Abstract
Today's world of increasingly dynamic computing environments
naturally results in more and more data being available as fast
streams. Applications such as stock market analysis, environmental
sensing, web clicks and intrusion detection are just a few of the
examples where valuable data is streamed to its consumer. Often,
streaming information is offered on the basis of a non-exclusive,
single-use customer license. One major concern, especially given the
digital nature of the valuable stream, is the ability to easily record
and potentially "re-play" parts of it in the future. If there is
value associated with such future re-plays, it could constitute enough
incentive for a malicious customer (Mallory) to duplicate segments of
such recorded data, subsequently re-selling them for profit. Being able
to protect against such infringements becomes a necessity.
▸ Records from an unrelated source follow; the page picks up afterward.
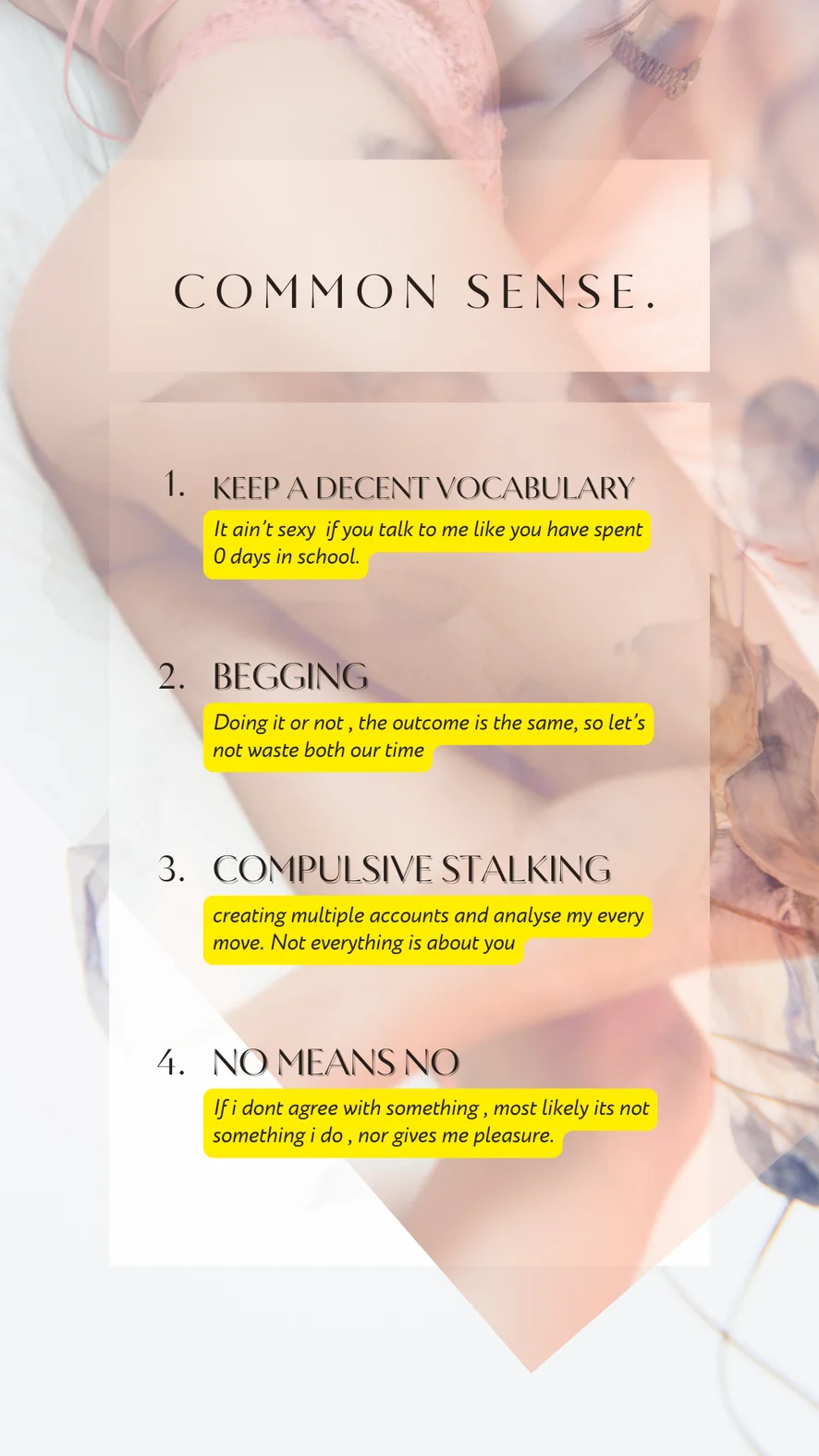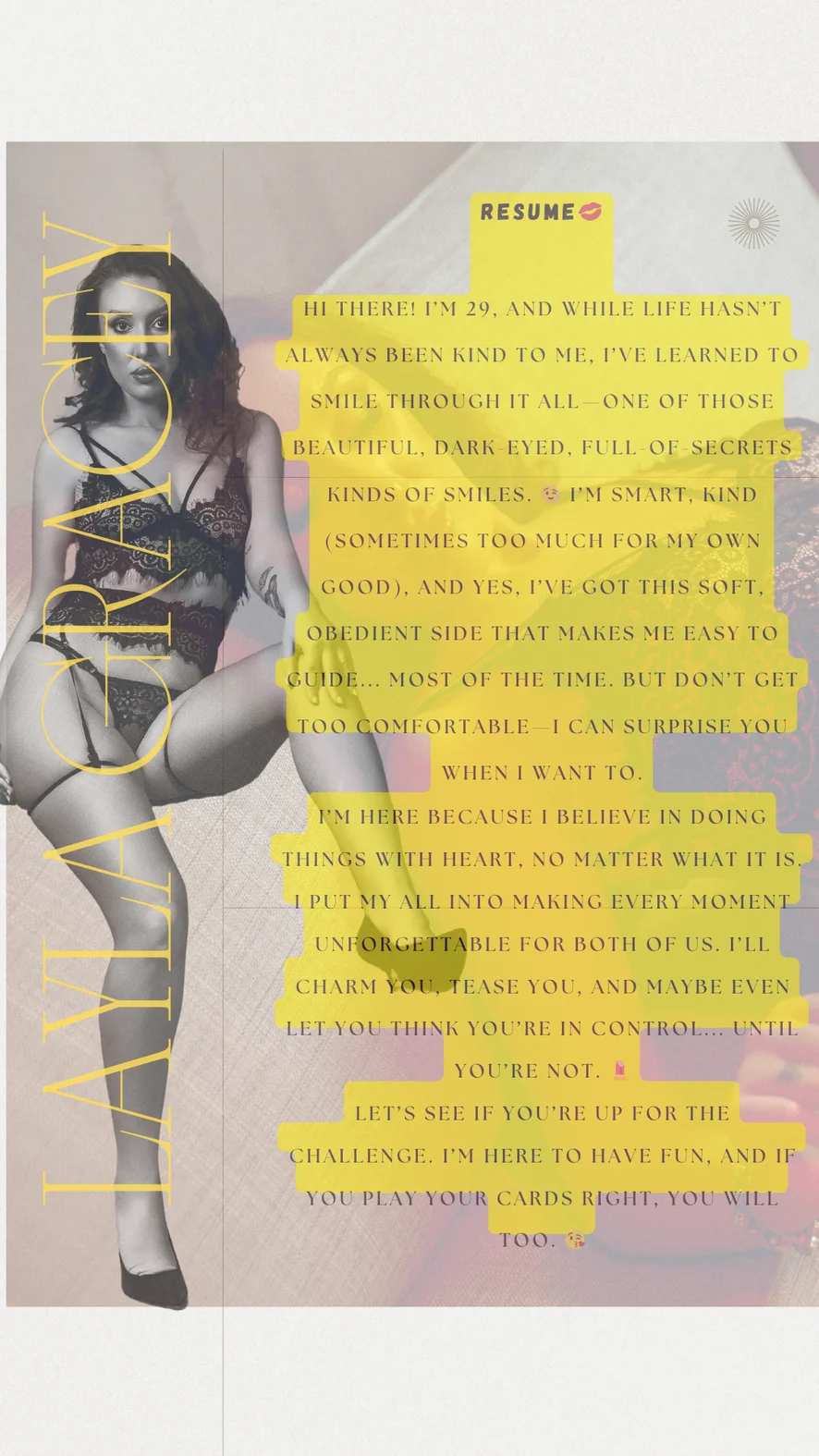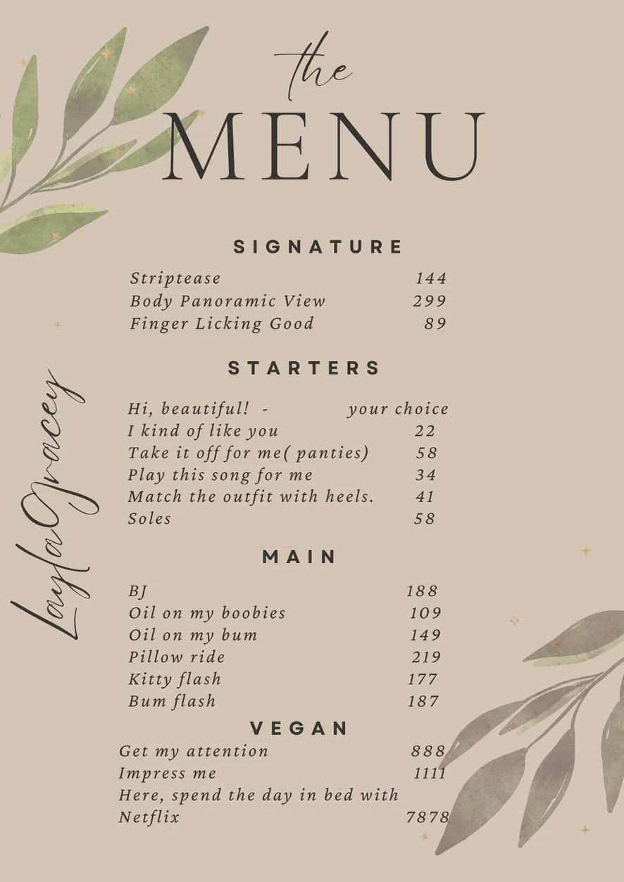 Blowjob, Camel Toe, Doggy Style, Erotic Dance, Fingering, Flashing, Foot Fetish, Masturbation, Orgasm, Spanking, Striptease, Upskirt, Twerk, Topless, Anal, Cowgirl, Dildo or Vibrator, Dirty Talk, Humiliation, Heels, Sex Toys, Role Play, Squirt, Double Penetration, Smoking, Ahegao, Cuckold, Jerk-off Instruction, Mistress, Tittyfuck, Anal Toys, Deepthroat, Facesitting, Yoga, Hardcore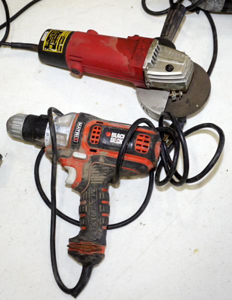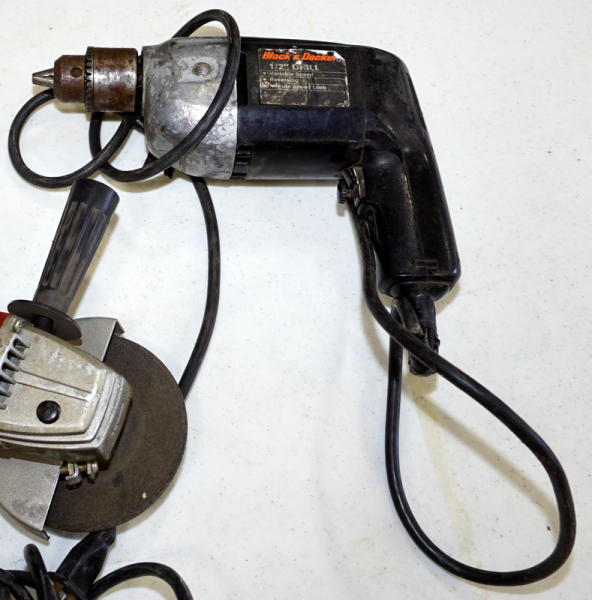 2 Corded Drills, 1 18V Drill w/ Battery NO CHARGER, 1 corded angle Grinder, all to go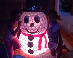 Y un muñeco de nieve con vasos de plástico, que lo podéis ver aquí con vídeo incluido de como hacerlo.

In this paper we introduce the issue of rights protection for streaming
data through watermarking. This is a novel problem with many associated
challenges including: the inability to perform multiple-pass random
accesses to the entire data set, the requirement to be fast enough to
keep up with the incoming stream rate, to survive instances of extreme
sparse sampling and summarizations, while at the same time keeping
data alterations within allowable bounds. We propose a solution and
analyze its resilience to various types of attacks as well as some of
the important expected domain-specific transforms, such as sampling and
summarization. We implement a proof of concept software (wms.*) for the
proposed solution and perform experiments on real sensor data to assess
these resilience levels in practice. Our method proves to be well suited
for this new domain. For example, we can recover an over 97% confidence
watermark from a sampled (e.g. less than 8%) stream. Similarly, our
encoding ensures survival to stream summarization (e.g. 20%) and random
alteration attacks with very high confidence levels, often above 99%.